## Data section
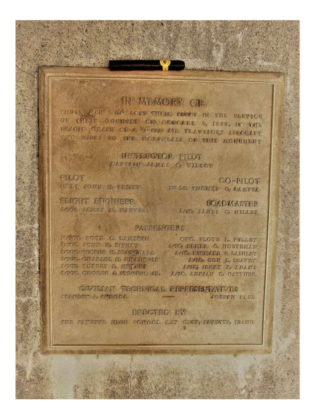
The monument plague with names of the 19 men killed on #55-4521A
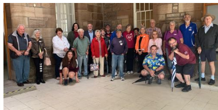
2022 Antique and Classic Motor Club
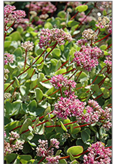
October Daphne flowers
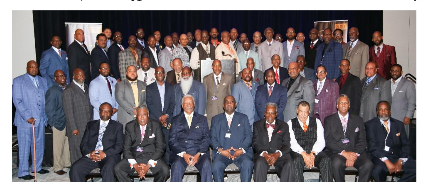
April 20-25, 2019 - St. Louis, Missouri
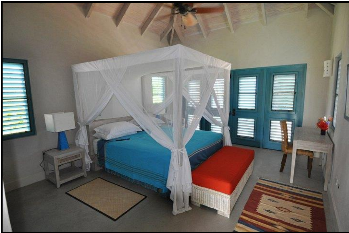
Evening Breeze Original
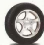
16" Bright Aluminum 40th Anniversary V6 Premium Wheel
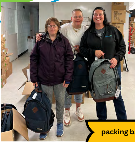
packing back packs for United Way
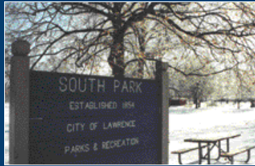
South Park at North Park Street & Massachusetts Established 1854
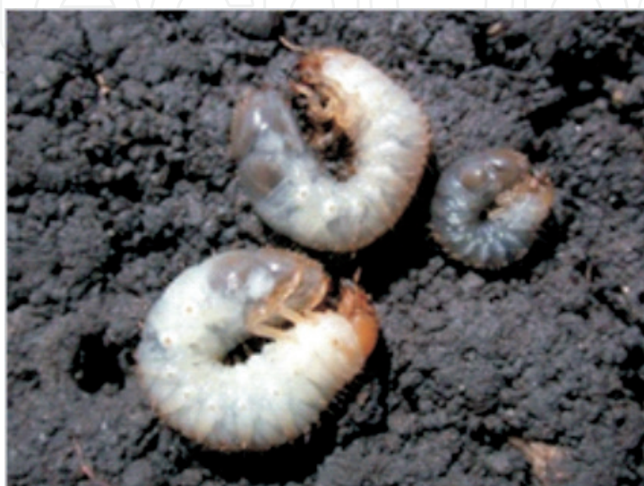
Figure 8. Holotrichia responsible for white grub in ginger (source: Ref. [159]).

The Chinese rose beetle, Adoretus sinicus (Burm.), ( Figure 10 ) is pale reddish-brown and has nocturnal feeding habits. The damage on the foliage is characteristic, being peppered or shot with holes, or more or less skeletonized. The eggs, which are
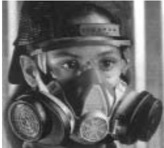
Advantage® 200 Facepiece (medium) Part No. 815692
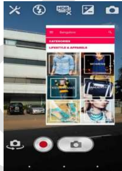
Figure VI: Display details of lifestyle & apparels
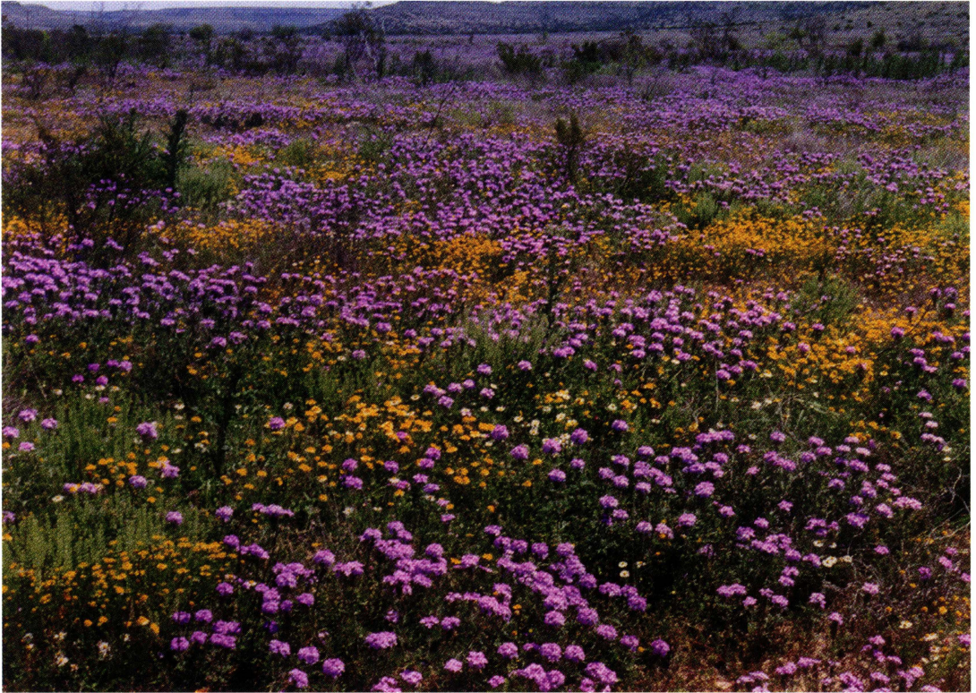
FIG. 8. Population of Glandularia bipinnatifida var. bipinnatifida ca 45 km northeast of Sanderson (Terrell Co., Turner 97-89).
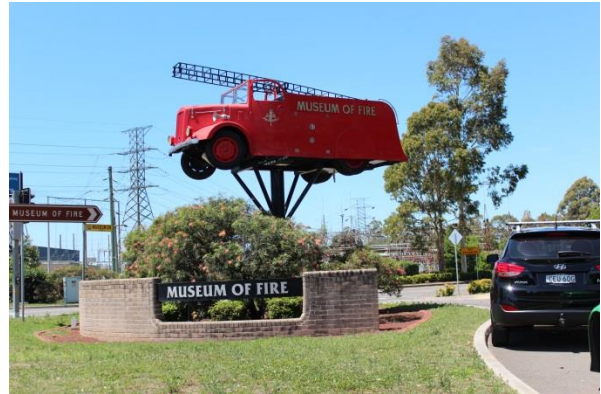
Museum entry from Mulgoa Road

By Road: From the M4 Motorway, take the Mulgoa Road (Rte14/73) exit towards Penrith, then follow Tourist Drive #14 north along Mulgoa Road & Castereagh Road. The entrance is located 1km north of the Panthers Entertainment Centre. The entrance is on the right, 50m north of the railway underpass bridge. The entrance can be easily identified by a 1942 Dennis Fire engine that is raised 4m off the ground!
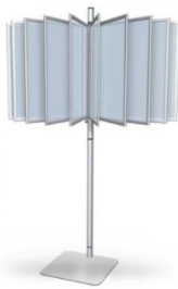
10 Panel Swing Stand Display

FOR CURRENT PRICING, VISIT THE ID # LISTED ABOVE
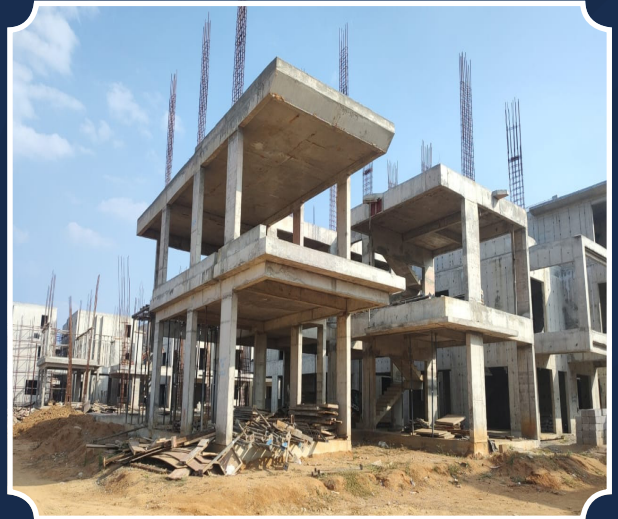
VILLA-109 (FF Slab Completed)

## Task goal
Give the listing again exactly, excluding pictures.

## Problem solution
The monument plague with names of the 19 men killed on #55-4521A
2022 Antique and Classic Motor Club
October Daphne flowers
April 20-25, 2019 - St. Louis, Missouri
Evening Breeze Original
16" Bright Aluminum 40th Anniversary V6 Premium Wheel
packing back packs for United Way
South Park at North Park Street & Massachusetts Established 1854
Figure 8. Holotrichia responsible for white grub in ginger (source: Ref. [159]).

The Chinese rose beetle, Adoretus sinicus (Burm.), ( Figure 10 ) is pale reddish-brown and has nocturnal feeding habits. The damage on the foliage is characteristic, being peppered or shot with holes, or more or less skeletonized. The eggs, which are
Advantage® 200 Facepiece (medium) Part No. 815692
Figure VI: Display details of lifestyle & apparels
FIG. 8. Population of Glandularia bipinnatifida var. bipinnatifida ca 45 km northeast of Sanderson (Terrell Co., Turner 97-89).
Museum entry from Mulgoa Road

By Road: From the M4 Motorway, take the Mulgoa Road (Rte14/73) exit towards Penrith, then follow Tourist Drive #14 north along Mulgoa Road & Castereagh Road. The entrance is located 1km north of the Panthers Entertainment Centre. The entrance is on the right, 50m north of the railway underpass bridge. The entrance can be easily identified by a 1942 Dennis Fire engine that is raised 4m off the ground!
10 Panel Swing Stand Display

FOR CURRENT PRICING, VISIT THE ID # LISTED ABOVE
VILLA-109 (FF Slab Completed)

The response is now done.